Exercise requirements: Please restate word for word all lines from the one containing "With dual action" to the final line of the entries, and include no pictures.

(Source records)
━━━━━━

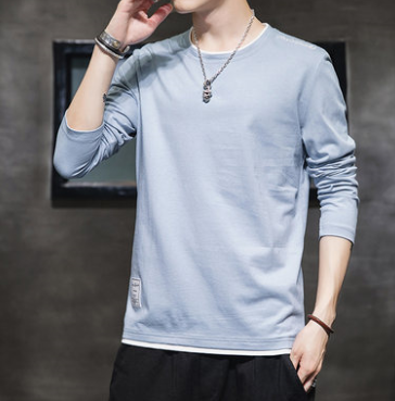 男装春季新款纯色休闲卫衣男 圆领套头长袖t恤男学生上衣
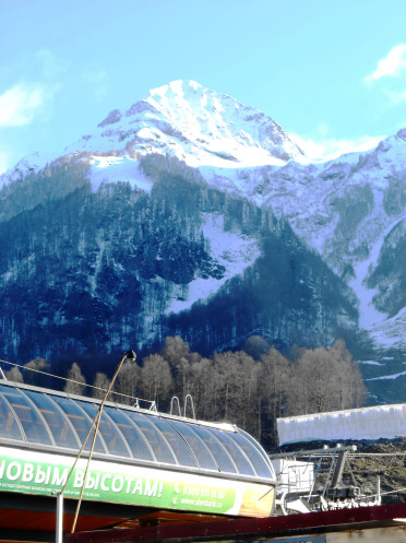 Горнолыжный курорт «Роза Хутор» встретил нас заснеженными каменными гигантами и облачной погодой.
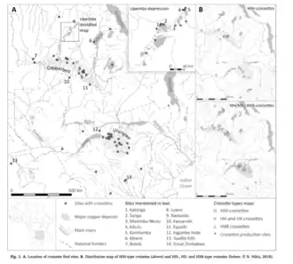 - ↑ a b c d e f (en) Rademakers, Frederik W., Nikis, Nicolas, De Putter, Thierry, Degryse, Patrick (1 november 2019). Provenancing Central African copper croisettes: A first chemical and lead isotope characterisation of currencies in Central and Southern Africa. Journal of Archaeological Science 111: 105010. ISSN:0305-4403. DOI:10.1016/j.jas.2019.105010.
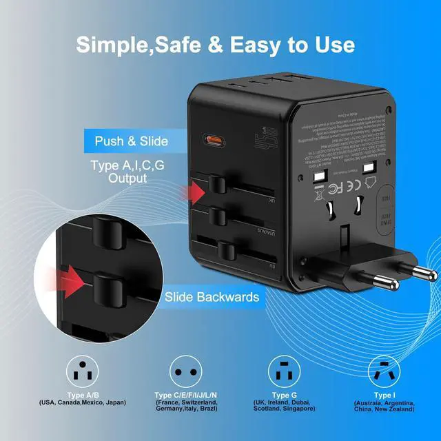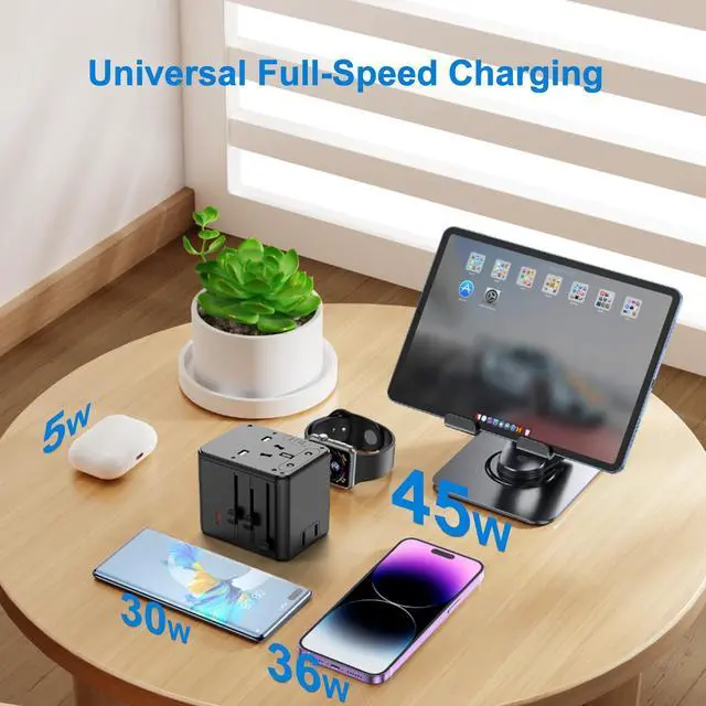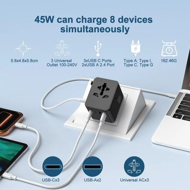 3. 45W PD Fast Charging 3 USB-C + 2 USB-A Ports Charge up to 8 devices at once with the built-in 45W Power Delivery (PD) technology. The 3 USB-C ports provide high-speed charging for smartphones, tablets, and even laptops (MacBook, Dell XPS, etc.), while the 2 USB-A ports offer standard charging for older devices. No more fighting over outletsyour travel charging station is here.
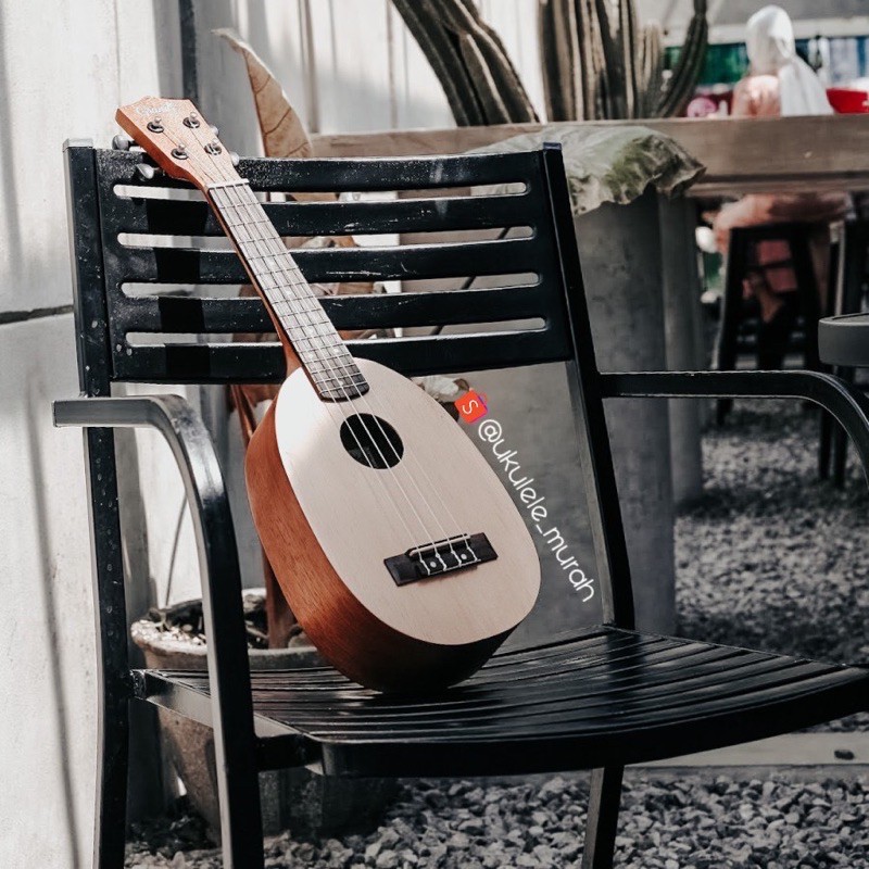 UKULELE HANDMADE PINEAPPLE NANAS BULAT NATURAL FREE TAS PICK SENAR CADANGAN
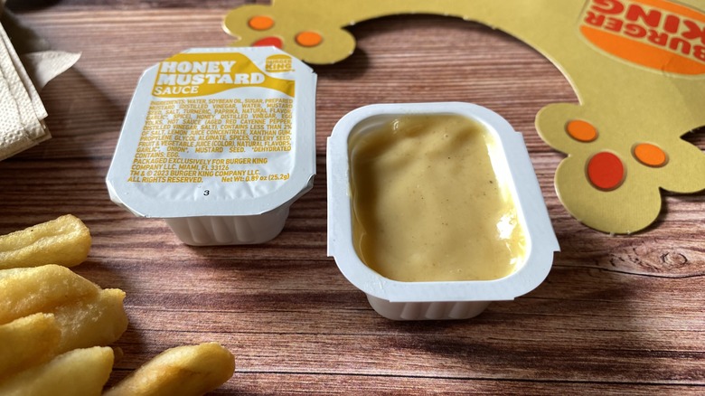 With dual action from both prepared mustard and mustard seed, as well as some hot sauce in the mix, Burger King's honey mustard sauce had just the right amount of a mischievous pungency. But you don't need to worry about mustard being the melodramatic prima donna trying to hog all the spotlight. For those (and there are many) who don't like straight-up mustard ruining their french fries, nuggets, or burgers, this sauce is your solution. The mustard component did not engulf the other ingredients; overall, this was a well-balanced sauce with no ingredient competing with the other.
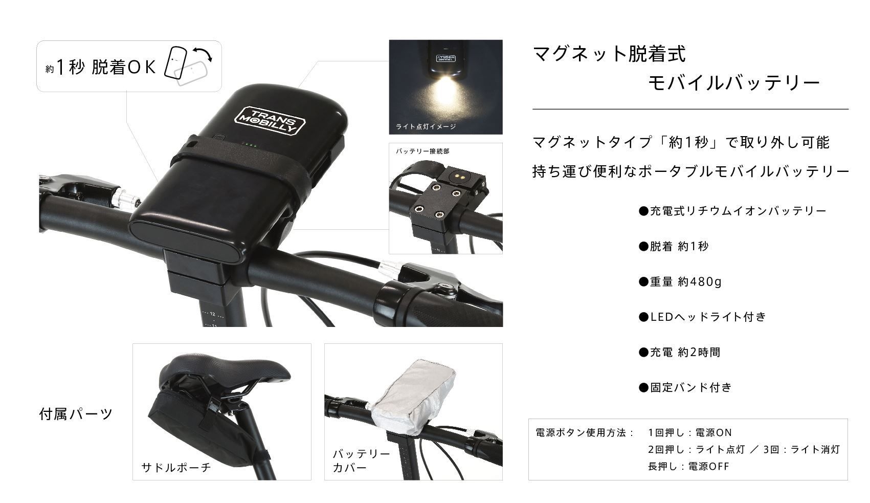 バッテリー脱着の手軽さ、力強い走行、コンパクトかつ軽量でどこへでも持ち出せるコンパクトな自転車「トランスモバイリー」を是非、体感してください。

━━━━━━

Task answer:
 With dual action from both prepared mustard and mustard seed, as well as some hot sauce in the mix, Burger King's honey mustard sauce had just the right amount of a mischievous pungency. But you don't need to worry about mustard being the melodramatic prima donna trying to hog all the spotlight. For those (and there are many) who don't like straight-up mustard ruining their french fries, nuggets, or burgers, this sauce is your solution. The mustard component did not engulf the other ingredients; overall, this was a well-balanced sauce with no ingredient competing with the other.
 バッテリー脱着の手軽さ、力強い走行、コンパクトかつ軽量でどこへでも持ち出せるコンパクトな自転車「トランスモバイリー」を是非、体感してください。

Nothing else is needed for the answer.